Some speakers, like Ms. Roberts, extolled traditionalist virtues like patience. She described an exercise that she gives her students to cultivate their ability to critically analyze images: They must visit the Museum of Fine Arts in Boston and spend three hours looking at the painting “Boy With a Squirrel,” by John Singleton Copley.
The exercise, she said, is intended to break students of their habitual distractedness and thirst for immediate gratification.
She also raised doubts about the educational value of teaching a course virtually to thousands of students. Pressure to create and adopt MOOCs was greater than the evidence of the effectiveness of this mode of teaching, she added.
“I’m a passionate believer in the traditional lecture,” Ms. Roberts said. “Students won’t pay attention to a videotape of a lecture they watch on a computer in their dorm room.”
Andrew Ho, an associate professor of education and chair of the research committee for HarvardX, the unit responsible for Harvard’s content on edX, appeared on the same panel as Ms. Roberts. He said that she was correct to be skeptical and that her critiques offered all the more reason for the courses to be researched empirically.
Ms. Roberts is not the only skeptic. Members of Harvard’s Faculty of Arts and Sciences said at a meeting on Tuesday that they had not been sufficiently consulted in developing HarvardX and that its research base was thin, according to an account in The Harvard Crimson, the student newspaper.
A campus-climate survey administered during the spring semester asked faculty members about their interest in innovative teaching and in participating in edX, with possible responses ranging from “not interested” to “extremely interested.” Preliminary analyses suggest that faculty members are far more interested in innovative teaching methods than in delivering their courses via edX, according to a member of the institutional-research department.
Limited Data on What Works
While a storm of media interest has greeted MOOCs, there still have not been very many offered through HarvardX. Two such courses have been completed and analyzed, and the data for four others will be assessed this summer. Eventually, a Harvard spokesman said, a MOOC developed by the university will come to be seen as another learning tool that a faculty member at an institution can use or ignore, much like a textbook written by a Harvard professor.
MOOCs are also still young, advocates say. Education researchers like Mr. Ho will analyze the results of Harvard’s MOOCs to see what works and what does not.
Besides, many speakers noted, evidence has rarely been established that the “aha moments” that faculty treasure in their classrooms—in which students seem to suddenly grasp a concept—actually occur.
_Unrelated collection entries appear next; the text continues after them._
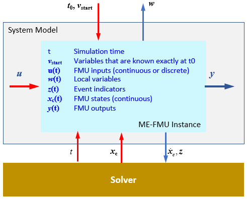 - ソルバーから現在のシミュレーション時間tとFMUの連続状態xcを取得します(t0の時点で、ソルバーはFMUから提供された初期値を返します)。
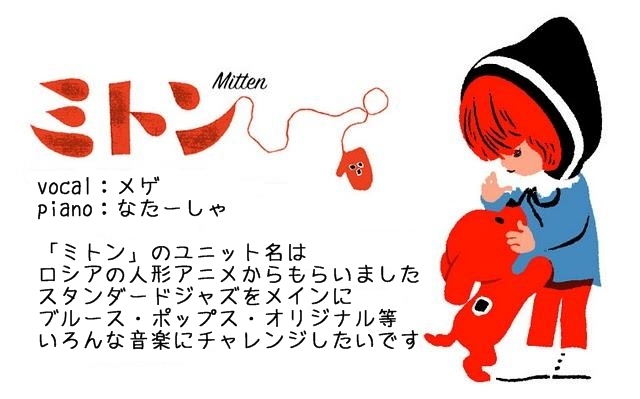 北大阪・茨木で「ミトン」のライブがありますv(*'-^*)b このお店には前回2月におじゃましまして2回目となります 平日ですがご都合よろしければのぞいてみてください♪ ヴォーカル:メゲ ピアノ:なたーしゃ 日時:8月21日(火) 18:00オープン 20:00スタート 場所:茨木「vaughan(ヴォーン)」 (茨木市駅前4丁目 1-2 アイエムハウスビル5F) http://www.hcn.zaq.ne.jp/vaughan-ibaraki/ ノーチャージです ご注文をお願いします<(_ _)> 出演はミトンのみです(ワンマンライブ) 様子をみながら2〜3部構成でやる予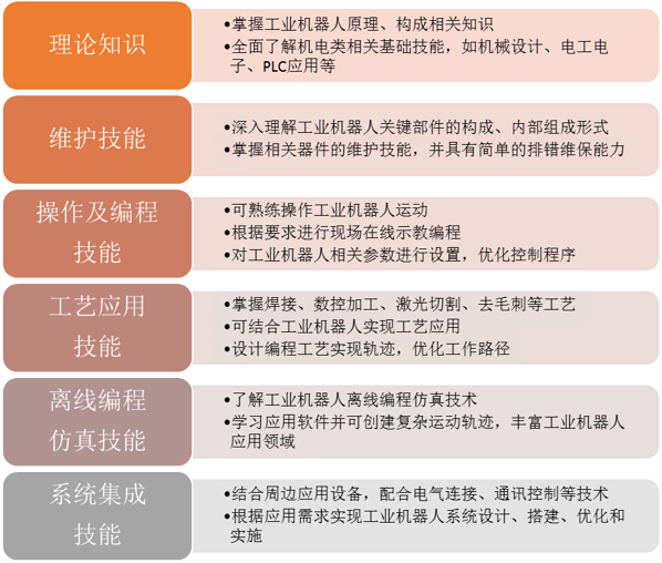 专业人才技能要素:工业机器人技术专业人才需要六大技能要素,如图1所示: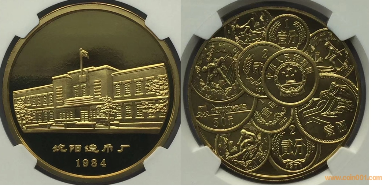 1984年制造,黃銅普制,50mm,沈幣發行。正面為沈幣大樓,反面為長城幣,金銀幣等疊幣圖。此章有紫銅章,看假。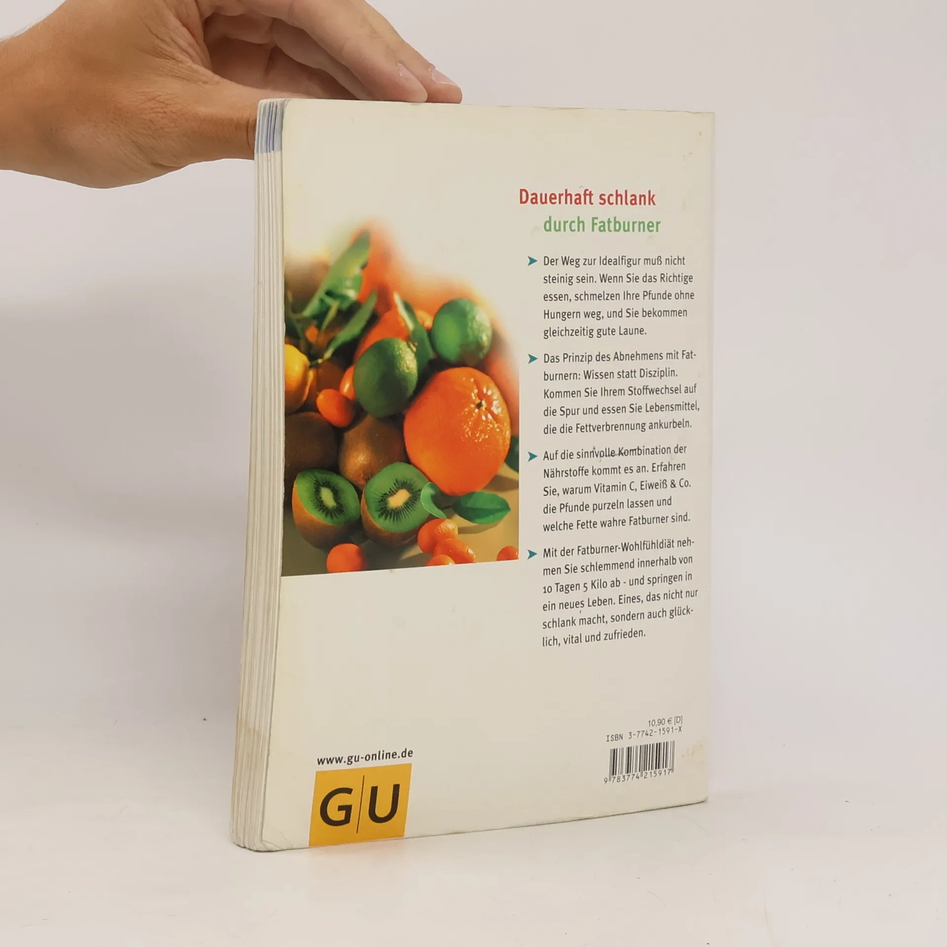 Abnehmen ohne Jo-Jo-Effekt. 'Fatburner' sind Vitalstoffe, die das Fett in den Zellen zum Schmelzen bringen: Sie aktivieren den Fettabbau in den Fettzellen oder kurbeln die Produktion von Hormonen an, die schlank, fit und glücklich machen. Der Ratgeber verrät, wie eine zeitgemäße Ernährung aussieht und in welchen Lebensmitteln welche Vitalstoffe stecken. Dazu gibt es eine komplette 14-Tage-Biostoff-Diät mit köstlichen und leichten Rezepten, die den Stoffwechsel auf Trab bringen und die Pfunde purzeln lassen, sowie ein ergänzendes Wellness-Programm mit Gymnastik, Massagen und vielem mehr. Als Extra ist eine Tabelle zum Einstecken enthalten.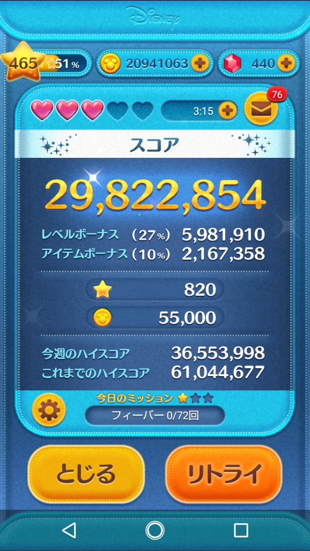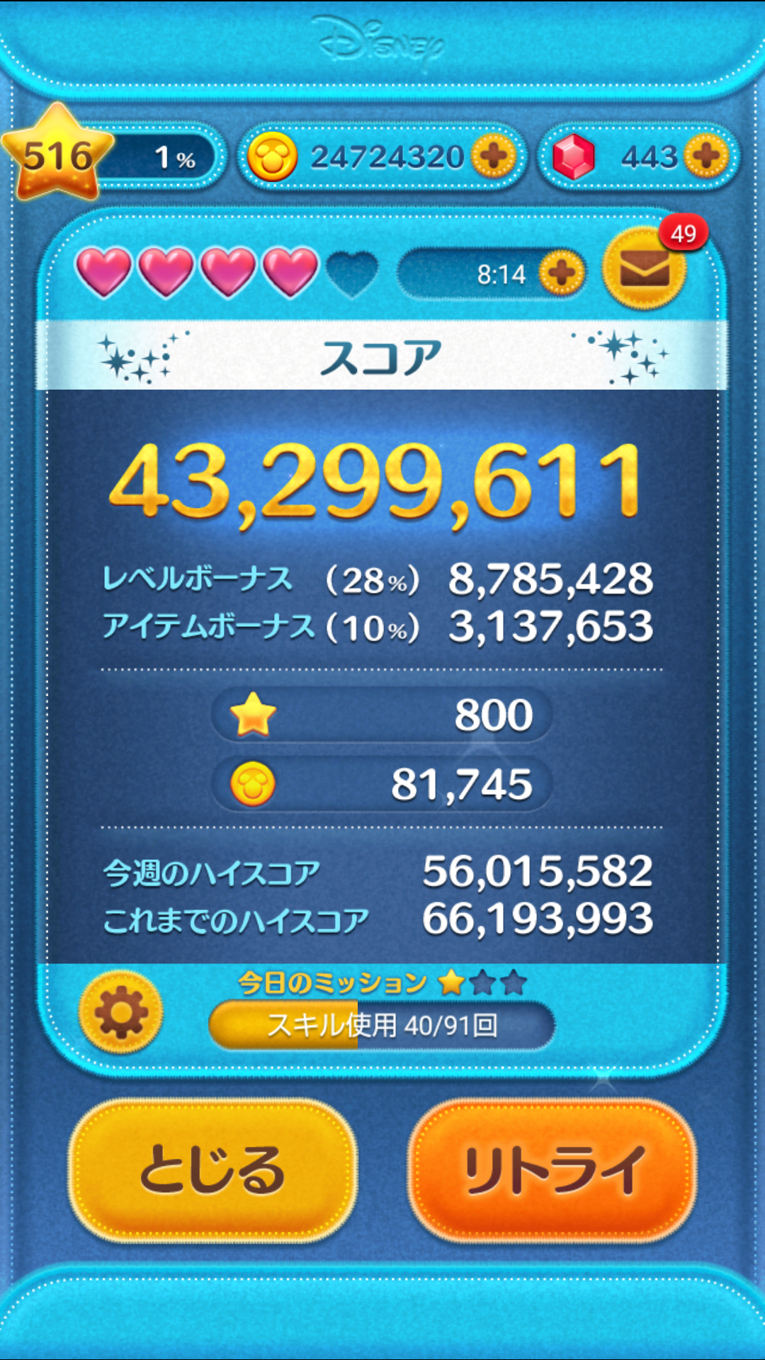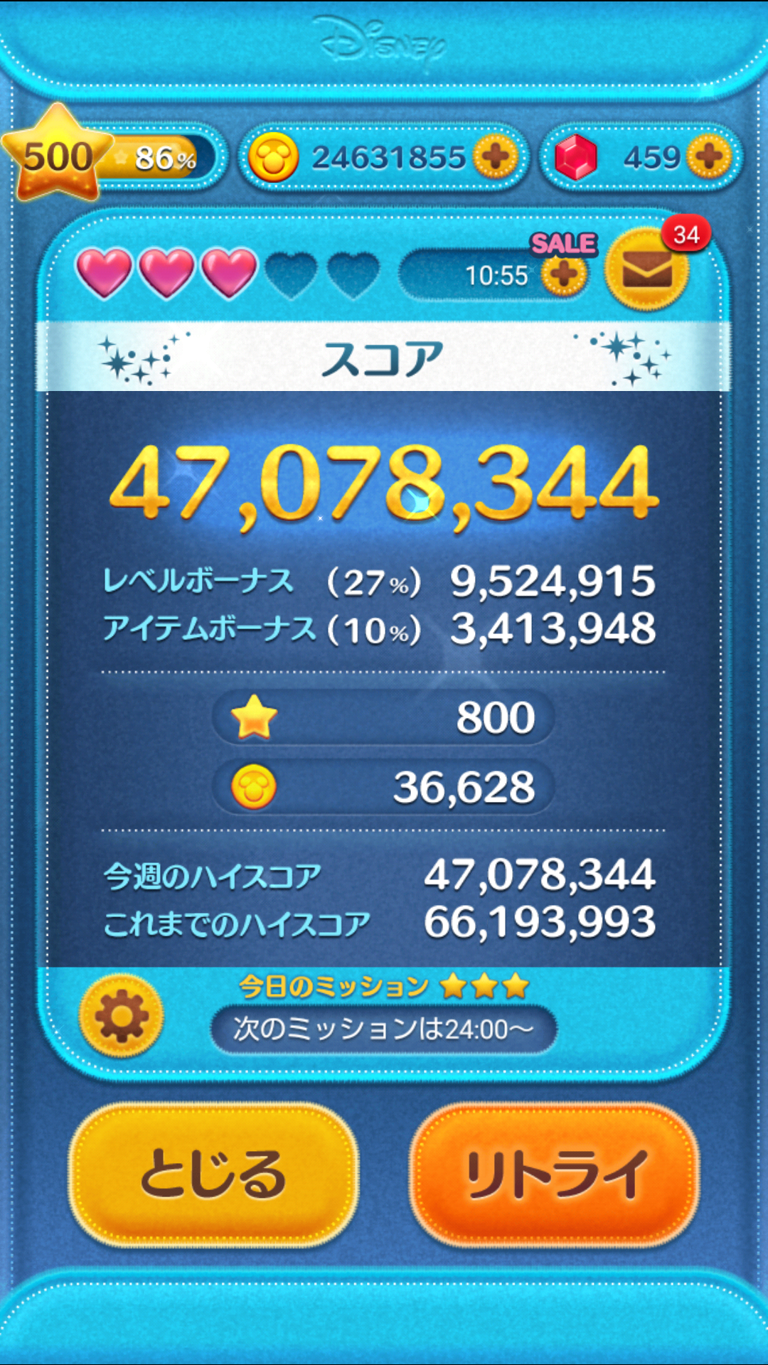 でね、やっとこさ気付いたんだけどね、、、結局のところこのツムツムってコインを稼ぐだけのゲームなんだよ。いかに効率よく集めるか。わたくしの場合もちろん無課金でコンプリートしてるのです。
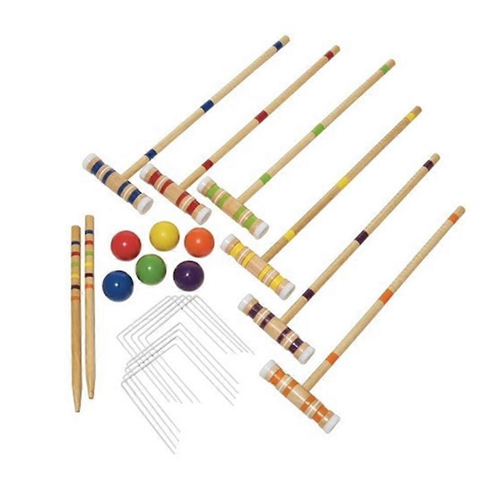 Classic Wooden Croquet Set For 4-6 Players Indoor Outdoor Family Game With Mallets Balls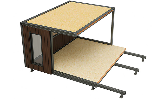 Nos habitations sont conçues avec une toiture plate. L’étanchéité et l’isolation sont assurées par une plaque en acier anti-corrosion montée sur l’isolant. Une solution performante, résistante aux UV, aux fortes pluies ainsi qu’à la grêle, du point de vue thermique et acoustique.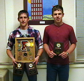 The Cottonwood Wrestling Team held a banquet on April 25th. Tony Duman had the most near falls and he tied with Jake for most pins. Jake Wimer had the most reversals. Tyrell Langston had the most take downs and most escapes. The teams overall medal count was 13. Shown in the top photo are Tony Duman with a plaque with his medals over his 4 years of wrestling and his most outstanding wrestler plaque and Jake Wimer with his Most Improved plaque. In the lower photo is the entire team. In front are Chance Ratcliff and Tyrell Langston. Back from left are coach Steve Lamont, Brandon Poxleitner, Tony Duman, Jake Wimer, Ronnie Chandler and coach Dan Altman. PHS BASEBALL May 11-12-District continues at Kendrick 18-19-State at Lewiston? |

Teaching online is “enabling us to rethink what we do on our campus,” said Alan M. Garber, Harvard’s provost. HarvardX courses are being used to complement existing offerings, to flip courses and to make them more dynamic.
And yet, he added, “in the world of the future, I don’t see the small seminar disappearing.”
While such an assurance may placate Harvard students, it does not resolve broader concerns about MOOCs’ unintended consequences that have been raised by the philosophy faculty at San Jose State and were echoed on Wednesday by Nannerl O. Keohane, who also spoke at the conference.
As higher education seeks to change and adapt, it is important to preserve its best aspects, said Ms. Keohane, who is president emerita of Duke University and Wellesley College, and a visiting professor at Princeton. The college-going experience should be centered in a physical place where students and faculty members feel they belong to an institution that has transmitted knowledge for generations, she said.
Even more vital, said Ms. Keohane, is that access to higher education be broadly preserved.
The worry, she said, is that online education and MOOCs will be relegated to the “less fortunate,” while the top 5 percent of the population will have the opportunity to attend places like Harvard or Princeton.
Eventually, she suggested, such institutions could again become bastions of a demographic elite, as they were in the 19th century.